Business
Greece Dispatches Officials To US Over Default
Greece sent senior officials to Washington on Monday for meetings with the International Monetary Fund as it raced against the clock to break a deadlock in debt swap talks that has prompted new fears of an unruly default.
Reuters reported that barely a month after an injection of bailout funds helped avert bankruptcy, Greece is back at the centre of the euro zone crisis as fears of a default and a subsequent euro zone exit overshadow a mass credit downgrade of euro zone countries.
Athens needs a deal with the private sector within days to avoid going bankrupt when 14.5 billion euros of bond redemptions fall due in late March. But talks with its creditor banks broke down without an agreement on Friday.
Greece put a brave face on the standoff.
“There is a little pause in these discussions. But I am confident that they will continue and we will reach an agreement that is mutually acceptable in time,” Greek Prime Minister Lucas Papademos told CNBC television.
He said talks on both the debt swap and the latest bailout must be completed over the next two to three weeks.
“This is the objective.

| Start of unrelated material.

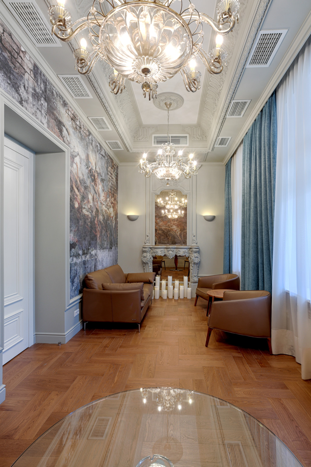 Когда мы впервые попали на объект и поняли, с каким зданием нам предстоит работать, то сразу решили, что место задает стиль. Исторический центр города, одно из самых высоких зданий на улице Ленина, красивое и статное. Логично, что и внутри все должно соответствовать. Основные задачи, которые требовали решения: наличие зоны спа с бассейном, установка лифта в историческое здание, организация входной группы, подъезда в отель. По нормативам «пяти звезд» существует требование: гость, подъехавший в отель, должен попасть в него под козырьком, чтобы во время дождя на него не попало ни капли. Все это мы исполнили.

I think the conditions are in place in order to do so,” Papademos told the broadcaster.
A deal with the banks must be sealed before senior inspectors from the EU, IMF and ECB “troika” arrive in Athens next week to finalise a second, 130-billion-euro bailout.
The banks say Athens is not the problem in the talks, suggesting the issue lies with terms insisted on by foreign lenders keeping Greece afloat with aid.
In a bid to resolve the impasse, a government source said the head of Greece’s debt agency and a senior adviser were travelling on Monday to Washington to meet IMF officials – just a day before a team of technical experts from the troika arrives in the Greek capital.
Under the bailout terms agreed in October, Greek privately held debt would be reduced by half so that, together with structural reforms, the overall debt to GDP ratio of Greece would fall to 120 per cent in 2020 from 160 per cent now.
Head of the Institute of International Finance, Charles Dallara, who represents Greece’s private creditors, told the Financial Times an agreement in principle was needed by the end of this week if it was to be finalised in time for the March bond redemptions. He said the Greeks were not the problem.
“All the European heads of state said they wanted a deal with a 50 per cent (haircut) and a voluntary agreement,” Dallara was quoted as saying. “Some of their own collaborators are not following that decision.”
After initial optimism last week that a deal was near, negotiations stalled on Friday over the interest rate Greece must pay on new bonds it offers.